When Alice registers with the relay, she:

  1. Extracts the room password from her own fingerprint
  2. Derives the lookup key and encryption key
  3. Creates a PeerRegistration struct (fingerprint, IP, port, public keys, timestamp)
  4. Encrypts it with ChaCha20-Poly1305 using the encryption key
  5. POSTs the encrypted blob to /register with the lookup key as Bearer token
// pkg/logic/common/utils.go

roomPassword, _ := crypto.ExtractRoomPassword(ownFp)
lookupKey, encryptionKey, _ := crypto.DeriveRelayKeys(roomPassword)
lookupToken := base64.RawURLEncoding.EncodeToString(lookupKey)

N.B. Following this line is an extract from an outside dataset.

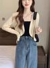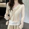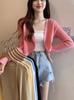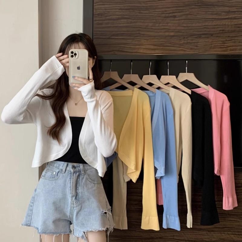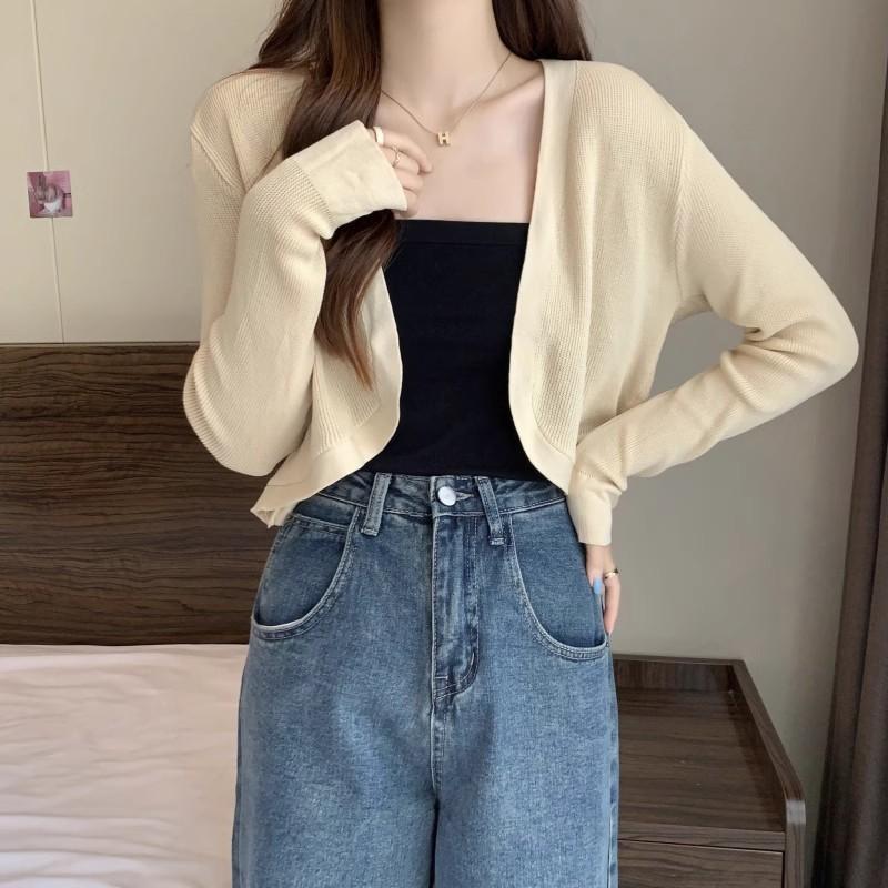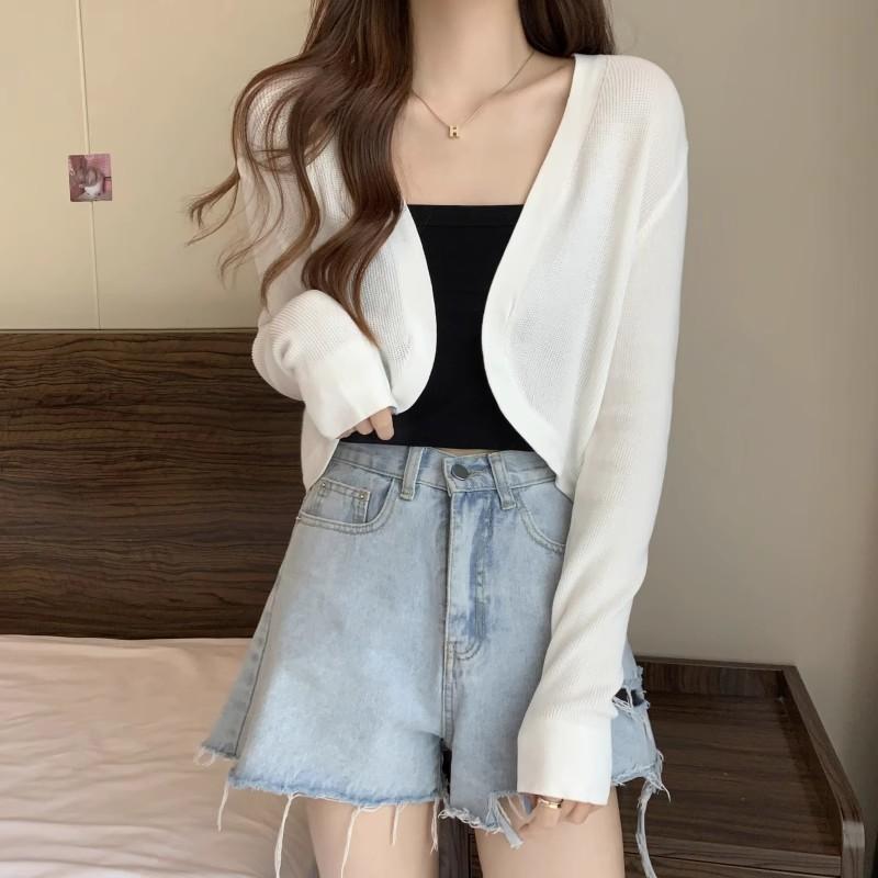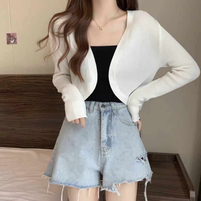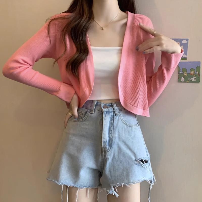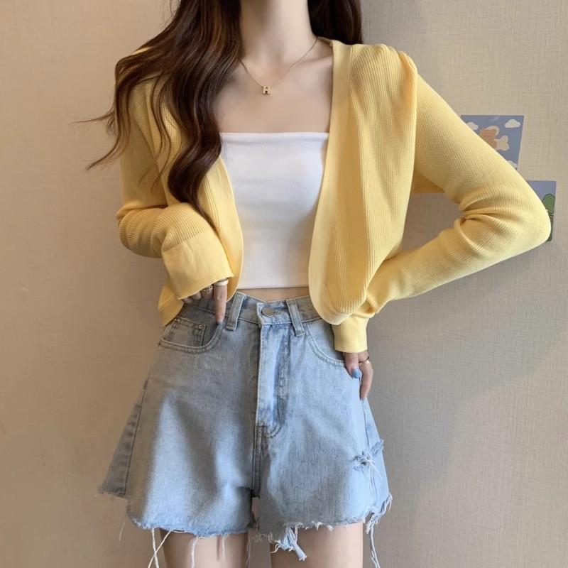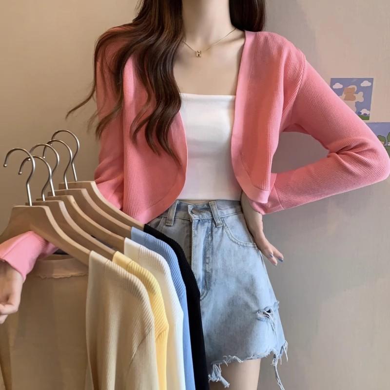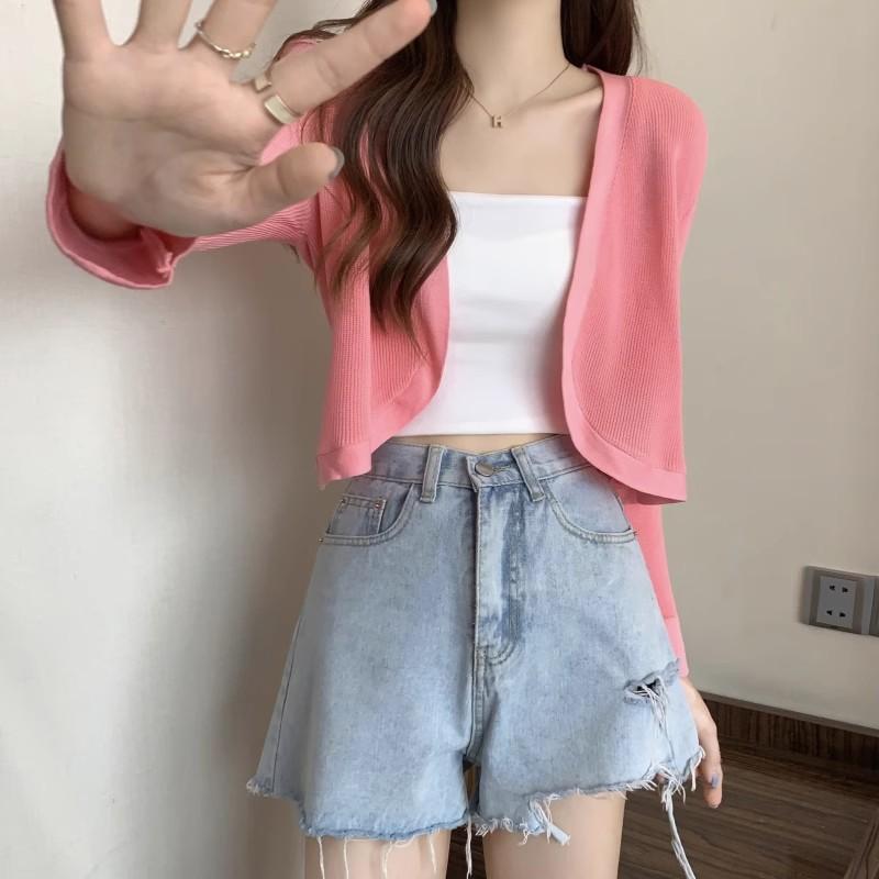 Cárdigan de punto de seda helada de verano para mujer, con protección solar, fino, con tirantes, holgado, exterior, corto, de manga larga, pequeño chaleco.

peerReg := PeerRegistration{
    Fingerprint: ownFp,
    Listen: &ConnectionHint{
        IPv6: true,
        IP:   kd.LocalIPv6IP,
        Port: kd.inboundPort,
    },
    PublicKeys:  kd.session.OwnKeys.ExportPubKeysAsMap(),
    Timestamp:   time.Now().UnixNano(),
}

plaintext, _ := json.Marshal(peerReg)
encryptedBlob, _ := crypto.Encrypt(encryptionKey, plaintext)
// POST /register with Authorization: Bearer lookupToken

The relay stores: { lookupToken: encryptedBlob }. It has the lookup token but not the encryption key. It cannot decrypt the blob.

Lookup Flow

When Bob wants to find Alice, he uses Alice's fingerprint (received out-of-band) to derive the same room password, and from that the same lookup key and encryption key:

  1. Extract room password from Alice's fingerprint
  2. Derive the same lookup key and encryption key
  3. GET /fetch with the lookup key as Bearer token
  4. Decrypt the response with the encryption key
  5. Extract Alice's IP address and public keys
The relay never sees Alice's fingerprint. It only sees the lookup token (a derived hash) and the encrypted blob (which it cannot decrypt). It cannot correlate who registered with who is looking up, because the registration token and lookup token are derived from different fingerprints.

TTL and Keepalive

Relay registrations expire after 10 minutes. A background goroutine re-registers every 8 minutes to keep the entry alive:

// pkg/logic/common/relay_keepalive.go

type RelayKeepalive struct {
    Interval time.Duration // 8 minutes (relay TTL is 10 minutes)
}

func (rk *RelayKeepalive) loop() {
    ticker := time.NewTicker(rk.Interval)
    for {
        if !rk.paused.Load() {
            rk.refresh()  // Re-register with relay
        }
    }
}

The keepalive is paused during reconnection attempts to avoid registering stale connection hints. Once the connection is re-established, keepalive resumes.

What the Relay Knows

Data Relay sees it?
FingerprintNo; only a derived lookup token
IP addressNo; encrypted inside the blob
Public keysNo; encrypted inside the blob
File namesNo; never sent to relay
File contentsNo; never sent to relay
Who talks to whomNo; lookup token is not the registration token
Connection timingPartially; it sees when tokens are registered/fetched

Trade-offs

Summary

The relay is a blind key-value store with encrypted values and derived lookup tokens. It facilitates discovery without learning anything useful about the peers. The privacy guarantee comes from separating the lookup key (given to the relay) from the encryption key (never shared with the relay), both derived from the same room password using HKDF with different labels.

The relay cannot decrypt the blobs it stores. Even if it is compromised, seized, or subpoenaed, the attacker gets a collection of opaque tokens and encrypted blobs with a 10-minute TTL.